Random IPv6 address dropouts in lxdbr0

tomp · August 5, 2021, 9:03pm

And lxc network show lxdbr0?

BTW i just checked on my LXD host and each time an RA is received by the container the IPv6 lifetime address resets back to its maximum value again so check yours is doing the same, and if not then thats likely the issue. Also mine is an order of magnitude larger than your lifetime, suggesting something may have set it too low for the RA advert interval.

amcduffee · August 5, 2021, 9:05pm

anderson@anderson-ryzen9:~$ lxc network show lxdbr0
config:
  dns.search: lxd,corp.terasci.com
  ipv4.address: 10.11.12.1/24
  ipv4.nat: "true"
  ipv6.address: fd42:c8f3:56ae:8db::1/64
  ipv6.nat: "true"
description: ""
name: lxdbr0
type: bridge
used_by:
- /1.0/instances/build-aosp-1404
- /1.0/instances/build-armbian
- /1.0/instances/build-ipxe
- /1.0/instances/build-stretch
- /1.0/profiles/default
managed: true
status: Created
locations:
- none

amcduffee · August 11, 2021, 9:07pm

I posted my lxdbr0 configuration above.

A few other notes:

The highest lifetime I have seen on the fd42:c8f3:56ae:8db::1/64 addresses is 3600sec or 1hr. This is true both for the interface in the container as well as the lxdbr0 interface on the host. The lifetime counts down and expires on both the host and container interfaces in the same way.
dnsmasq does send an RA every 8-10 minutes, so it is often enough that the 3600sec lifetime above should not be an issue. However, it sends the RA using the fe80:: address on the host lxdbr0 interface. Is it possible this causes the container to ignore it or not apply it due to the RA not coming from the fd42:c8f3:56ae:8db::1/64 network?
I do not see this issue on our production cluster where the containers are connected to a pre-configured br0 bridge to our office network. The production cluster does not use lxdbr0 and therefore there is no dnsmasq involved.

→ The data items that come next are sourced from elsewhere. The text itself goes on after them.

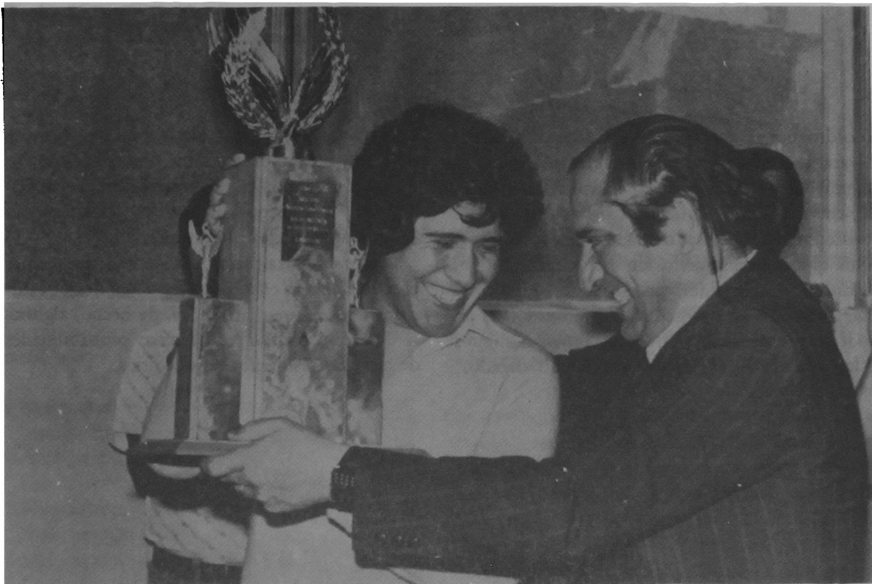
Trofeo de las XII Olimpiadas, obtenido por los alumnos de la Facultad en alianza con Educación Diferencial.
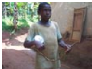
[28] Fig. 11. ntchá'ántùbà, harpe monocorde, jouet des garçons beti eton du Cameroun, © S. Fűrnis 2009.

Comme illustration, prenons ce jouet d'enfant qu'est la harpe-en-terre – souvent encore appelée de manière incorrecte "arc-en-terre" – qui existe en Afrique centrale et bien au-delà. La variation des matériaux et la moderni-
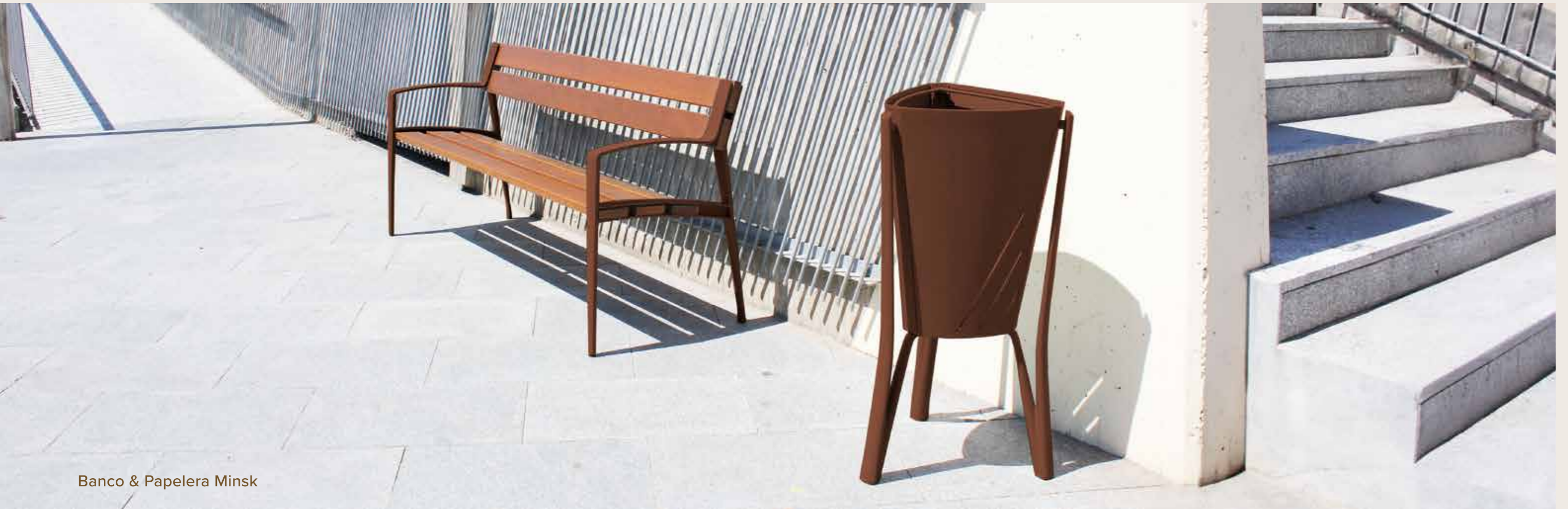
Banco & Papelera Minsk

tomp · August 11, 2021, 9:11pm

Does it improve if you run lxc network set lxdbr0 ipv6.dhcp.stateful=true?

You may need to restart your containers afterwards so they take an address via DHCPv6.

amcduffee · August 11, 2021, 9:24pm

No change. I set that option, restarted the container and waited for the next RA on tcpdump. After the next RA the lifetime on eth0, in the container, was still dropping.

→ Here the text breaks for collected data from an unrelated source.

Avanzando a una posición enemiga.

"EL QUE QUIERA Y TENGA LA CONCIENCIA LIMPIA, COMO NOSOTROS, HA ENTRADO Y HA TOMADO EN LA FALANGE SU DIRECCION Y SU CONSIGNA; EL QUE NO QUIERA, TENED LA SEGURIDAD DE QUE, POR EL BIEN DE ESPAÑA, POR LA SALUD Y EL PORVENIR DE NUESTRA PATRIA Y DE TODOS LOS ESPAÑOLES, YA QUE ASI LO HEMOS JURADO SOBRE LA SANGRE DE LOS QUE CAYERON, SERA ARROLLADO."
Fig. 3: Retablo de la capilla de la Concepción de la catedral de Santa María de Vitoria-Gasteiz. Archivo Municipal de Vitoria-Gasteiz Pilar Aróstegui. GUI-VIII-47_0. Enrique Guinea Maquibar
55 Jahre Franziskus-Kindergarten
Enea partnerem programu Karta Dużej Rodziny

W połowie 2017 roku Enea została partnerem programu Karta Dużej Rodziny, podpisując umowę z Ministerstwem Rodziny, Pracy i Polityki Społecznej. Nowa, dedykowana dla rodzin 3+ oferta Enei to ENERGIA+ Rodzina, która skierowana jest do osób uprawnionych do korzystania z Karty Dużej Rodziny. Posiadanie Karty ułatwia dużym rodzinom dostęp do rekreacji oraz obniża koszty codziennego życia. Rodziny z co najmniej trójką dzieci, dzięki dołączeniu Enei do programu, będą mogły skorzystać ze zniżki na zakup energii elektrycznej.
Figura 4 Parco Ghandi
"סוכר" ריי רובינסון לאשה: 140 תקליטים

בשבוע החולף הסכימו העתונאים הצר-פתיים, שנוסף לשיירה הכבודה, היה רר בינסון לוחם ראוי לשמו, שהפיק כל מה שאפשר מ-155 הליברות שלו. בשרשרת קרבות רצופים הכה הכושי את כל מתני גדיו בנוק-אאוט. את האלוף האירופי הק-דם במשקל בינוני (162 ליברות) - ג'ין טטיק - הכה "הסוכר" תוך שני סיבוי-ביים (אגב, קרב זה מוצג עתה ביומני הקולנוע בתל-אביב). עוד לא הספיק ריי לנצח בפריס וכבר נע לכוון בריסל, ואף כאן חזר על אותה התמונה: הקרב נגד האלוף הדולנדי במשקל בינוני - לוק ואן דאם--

tomp · August 11, 2021, 9:44pm

OK lets set that option to false then.

Try seeing changing the interval helps:

lxc network set lxdbr0 raw.dnsmasq="ra-param=lxdbr0,10"

You should then see the RAs every 10s and at least inside my Focal container I can see the lifetime increase back to 86400secs every 10s for the IPv6 address:

inet6 fd42:5433:626e:4c0b:216:3eff:fe35:1f9d/64 scope global dynamic mngtmpaddr noprefixroute 
       valid_lft 86400sec preferred_lft 86400sec

tomp · August 11, 2021, 9:46pm

No you would expect to see RAs from the link-local address of the lxdbr0 interface as mentioned earlier.

tomp · August 11, 2021, 9:53pm

Can you also show output of ip -f inet6 route in your container?

tomp · August 11, 2021, 9:58pm

And finally the output of the following on host and container:

sudo  sysctl -a | grep lft

amcduffee · August 11, 2021, 10:03pm

It is working after setting this option. Is see the RA often and the lifetime in the container resets to 3600sec whenever one arrives.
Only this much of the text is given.